- Native name: 中田宏樹
- Born: October 20, 1964
- Hometown: Musashino, Tokyo, Japan
- Died: February 7, 2023 (aged 58)

Career
- Achieved professional status: May 13, 1987 (aged 22)
- Badge Number: 173
- Rank: 9-dan
- Teacher: Noboru Sakurai [ja] (9-dan)
- Tournaments won: 2
- Career record: 770–592 (.565)

Websites
- JSA profile page

= Hiroki Nakata =

Japanese shogi player (1964–2023)

Hiroki Nakata (中田 宏樹, Nakata Hiroki) was a Japanese professional shogi player who achieved the rank of 8-dan, but was posthumously promoted to 9-dan.

==Shogi professional==
In August 2008, Nakata defeated Yoshinori Satō to become the 36th professional to win 600 official games.

Nakata was given the nickname "Devil Nakata" due to his cool manner and poker face as well as "devil-like" attacking style during his games. Nakata's career record in official games was 770 wins and 592 losses.

===Promotion history===
Nakata's promotion history is as follows:
- 6-kyū: 1976
- 1-dan: 1980
- 4-dan: November 28, 1985
- 5-dan: December 16, 1988
- 6-dan: April 6, 1992
- 7-dan: November 11, 1997
- 8-dan: January 27, 2006
- Death: February 7, 2023
- 9-dan: February 10, 2023 (posthumous promotion)

===Titles and other championships===
Nakata made one appearance in a major title match. He was the challenger for the 32nd Ōi title in 1991 against Kōji Tanigawa, but lost the match 4 games to 2. He won two non-major-title championships during his career. He won the 12th All Star Kachinuki-sen (1989) and 18th All Star Kachinuki-sen (1997–1998).

===Awards and honors===
Nakata received a number of awards and honors throughout his career for his accomplishments both on and off the shogi board. These include awards given out annually by the Japan Shogi Association (JSA) for performance in official games as well as other JSA awards for career accomplishments, and awards received from governmental organizations, etc. for contributions made to Japanese society.

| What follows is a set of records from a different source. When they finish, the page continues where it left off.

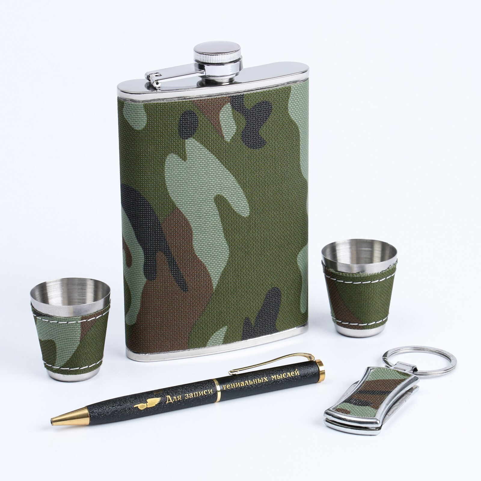 Подарочный набор 5 в 1 "Хаки": фляжка 270 мл, ручка, воронка, 2 рюмки, микс 739606
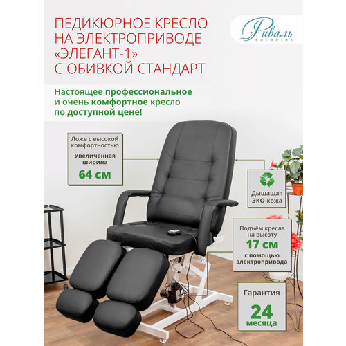 Педикюрное кресло на электроприводе "Элегант-1" с черной обивкой Стандарт/кресло для педикюра, для тату
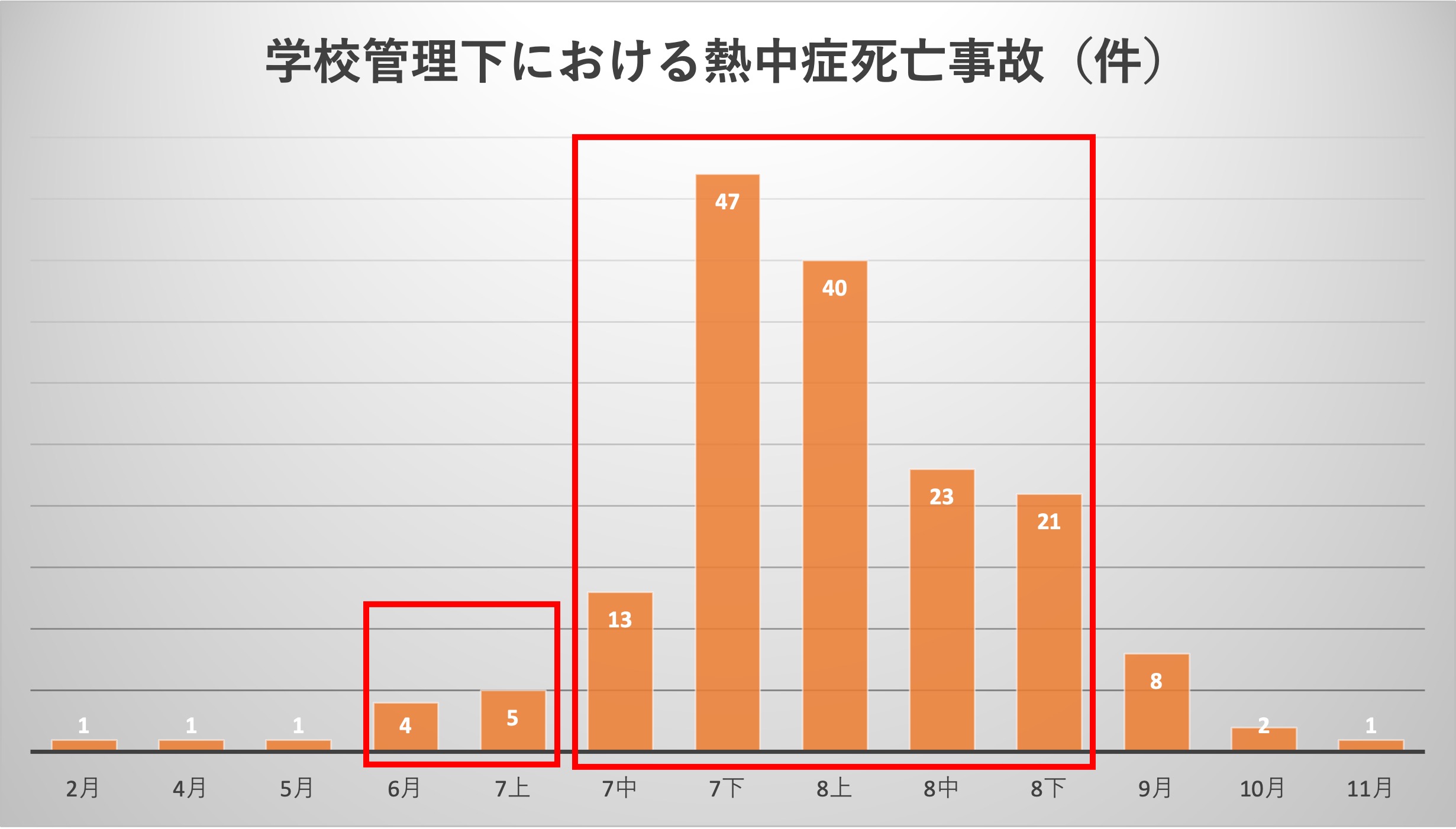 練習内容でいうと、ランニングやダッシュなど持久系や反復系の練習後に多く、発生時間帯では、気温が高くなる14時15時はもちろん、時間が長くなりやすい守備練習の終了間際など17時18時の発生も多くなっています。
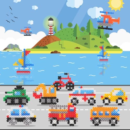- Vehicle Theme World: The fuse beads kit for can take your attention away from electronics and focus on handicrafts. can use the beads for Adult crafts to create cars, fire trucks, police cars, ambulances, excavators, tanks, ships, buses, helicopters, sailboats and bicycles, etc. 10mm large beads fit small hands and are designed for Adult , a creative choice for spending quality time.
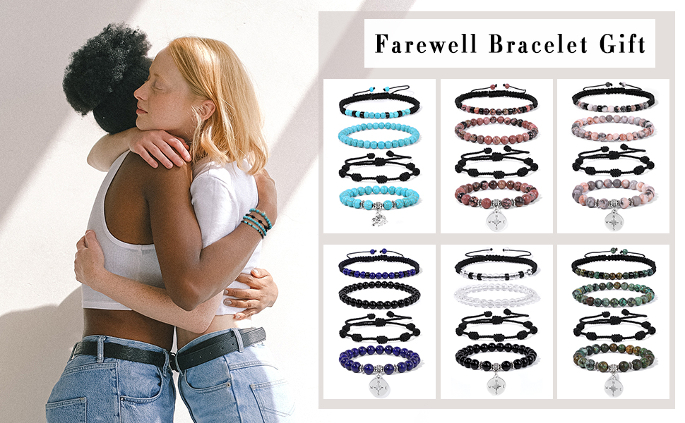 • 【 العبوة 】تتضمن حقيبة هدايا رمادية، و4 قطع من أساور الوداع، وبطاقة رسالة ذات معنى، هدايا وداع رائعة لزملائك في العمل أو أصدقائك أو معلمك أو رئيسك.
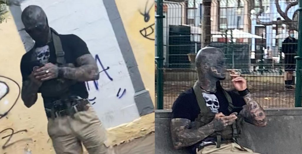 De esta guisa se pasea varios días a la semana un sujeto por la popular calle Triana de Las Palmas de Gran Canaria. La cantidad de tatuajes que luce hace que junto a su peculiar indumentaria, sea imperceptible el color natural de la piel. Con nariz y orejas operadas hasta casi desaparecer, no es de extrañar que más de uno al verlo se pregunte: ¿Es humano o reptil?
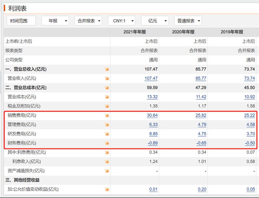 首先是销售费用,2021年增加了4.82亿元,增幅接近19%;然后是管理费用,2021年增加了1.54亿元,增幅高达32%。

====Annual shogi awards====
- 14th Annual Awards (April 1986 – March 1987): Best Winning Percentage
- 18th Annual Awards (April 1994 – March 1995): Most Consecutive Games Won
- 19th Annual Awards (April 1995 – March 1996): Most Consecutive Games Won, Best New Player

====Other awards====
- 2008: Shogi Honor Award (Awarded by the JSA in recognition of winning 600 official games as a professional)
- 2010: 25 Years Service Award (Awarded by the JSA in recognition of being an active professional for twenty-five years)

==Death==
Nakata started to have health problems in October 2022 which caused him to forfeit several official games. On February 1, 2023, the JSA posted on its official website that Nakata was being granted an official leave of absence to receive medical treatment from February 1, 2023, until March 31, 2023. On February 9, the JSA announced that Nakata had died on February 7, 2023, at the age of 58.

On February, 13, 2023, the JSA announced that it had posthumously promoted Nakata to 9-dan.